# Supplied information:
════

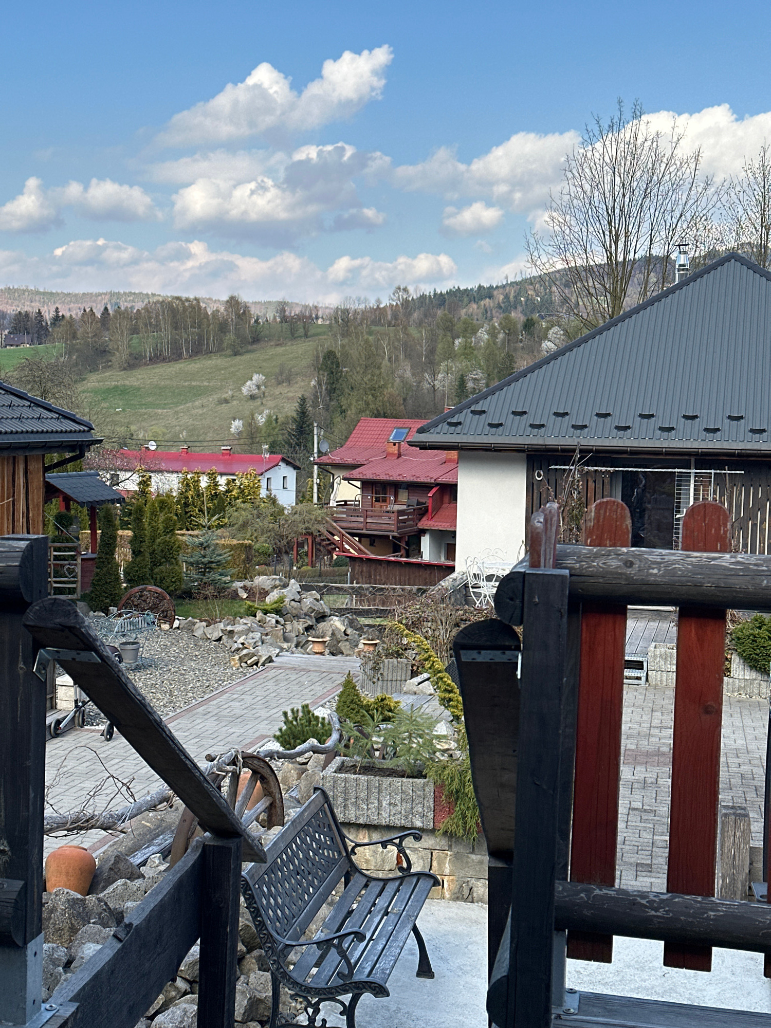 This image captures a serene, panoramic view of a rural or mountainous landscape, likely Wisła, Poland, from what appears to be a balcony or elevated deck. The perspective looks over a landscaped gard…read more
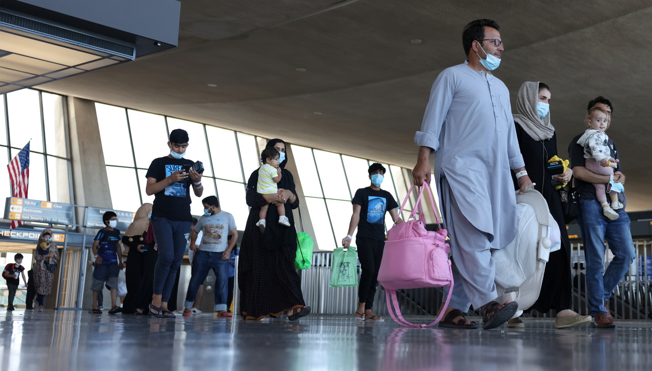 Afghan refugees arrive at Dulles International Airport in Virginia on Sept 2, 2021.
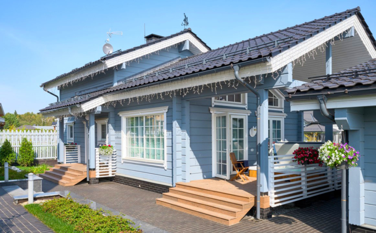 Красивый, почти сказочного вида дом с голубым фасадом и разноуровневой двускатной кровлей возведен из клееного бруса по фирменной технологии компании.
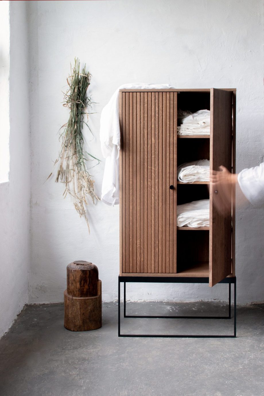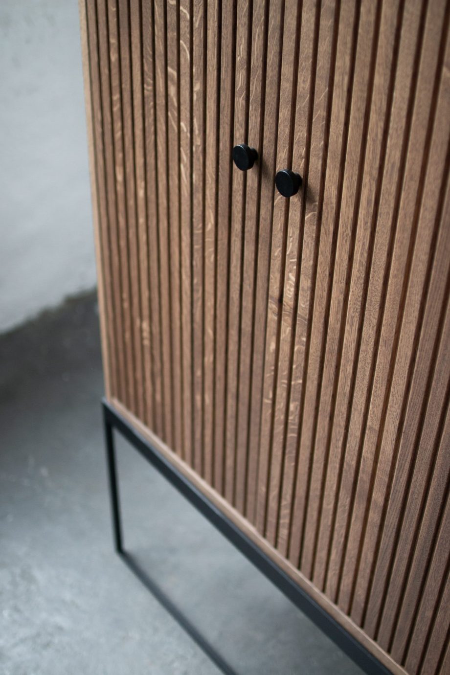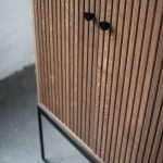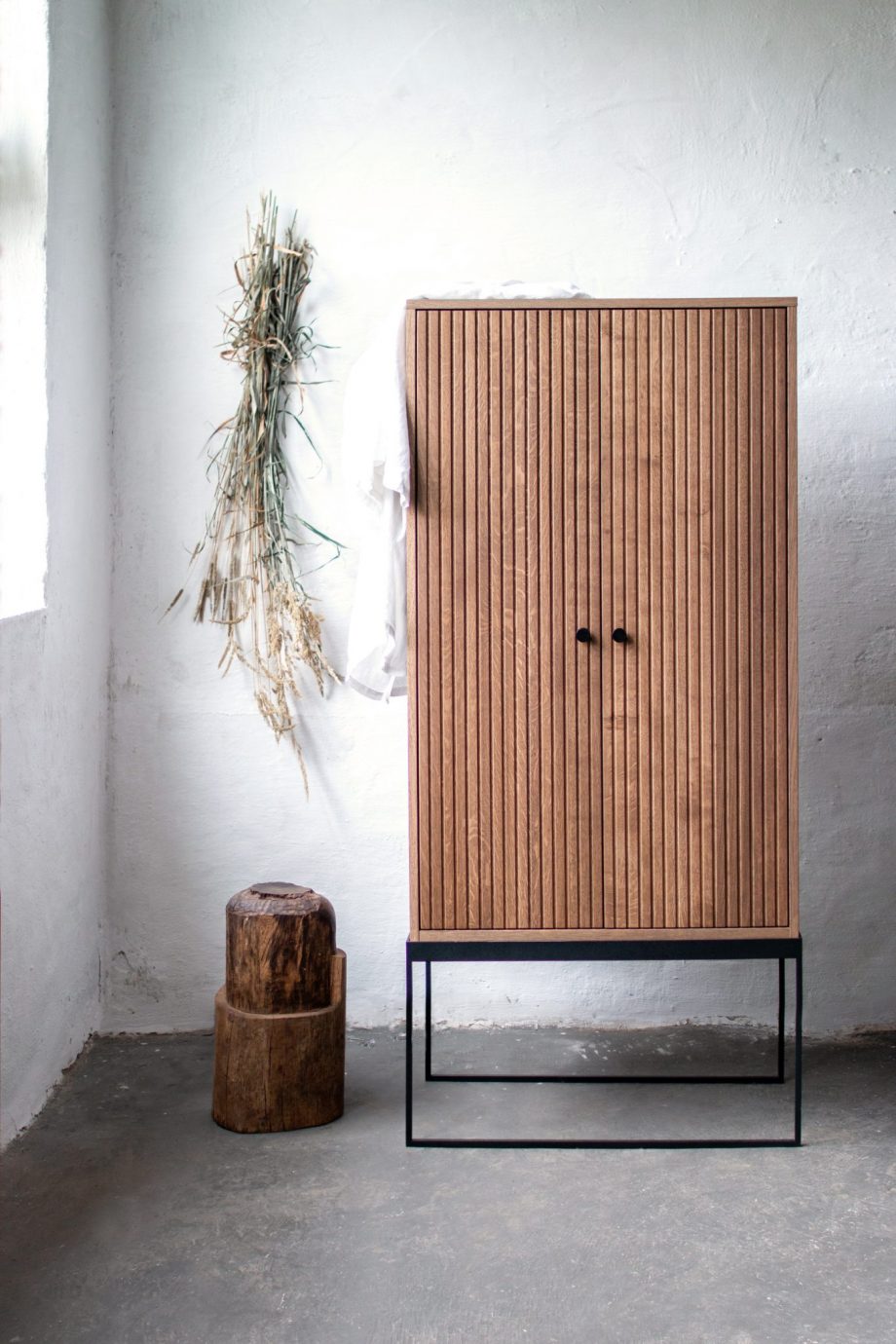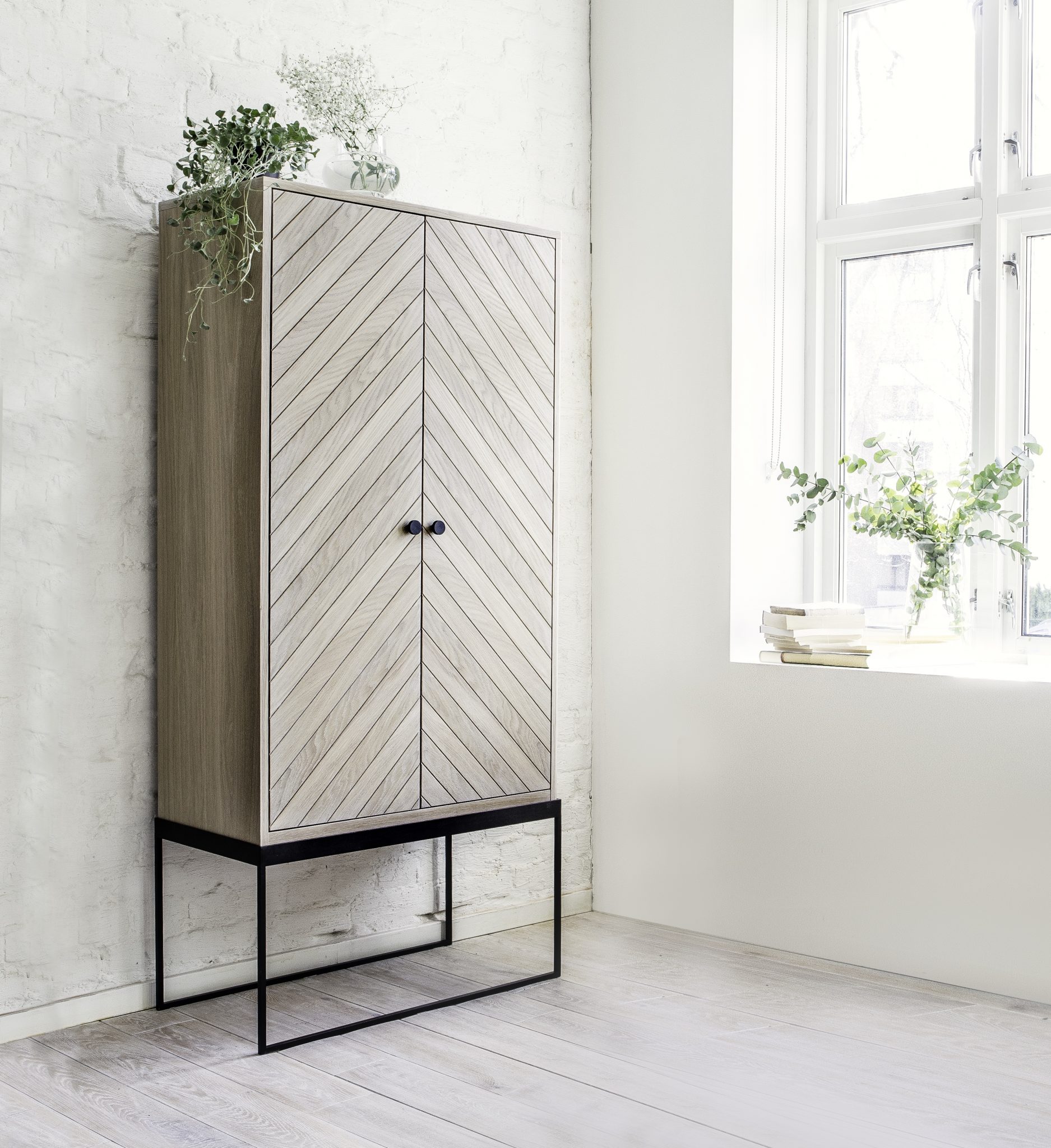 Med Dis skap 168 er kombinasjonen av overdimensjonert og minimalistisk en sterk motsetning. Massivt håndverk og ærlige eikematerialer suppleres med en pulverlakkert stålramme. Velg mellom sortbeiset, hvitoljet eller smoked og håndtak i messing eller sortlakkert metall.

════

# Your instructions:
Set the whole listing down again unchanged, apart from the pictures, which are omitted.

# Task answer:
 This image captures a serene, panoramic view of a rural or mountainous landscape, likely Wisła, Poland, from what appears to be a balcony or elevated deck. The perspective looks over a landscaped gard…read more
 Afghan refugees arrive at Dulles International Airport in Virginia on Sept 2, 2021.
 Красивый, почти сказочного вида дом с голубым фасадом и разноуровневой двускатной кровлей возведен из клееного бруса по фирменной технологии компании.
 Med Dis skap 168 er kombinasjonen av overdimensjonert og minimalistisk en sterk motsetning. Massivt håndverk og ærlige eikematerialer suppleres med en pulverlakkert stålramme. Velg mellom sortbeiset, hvitoljet eller smoked og håndtak i messing eller sortlakkert metall.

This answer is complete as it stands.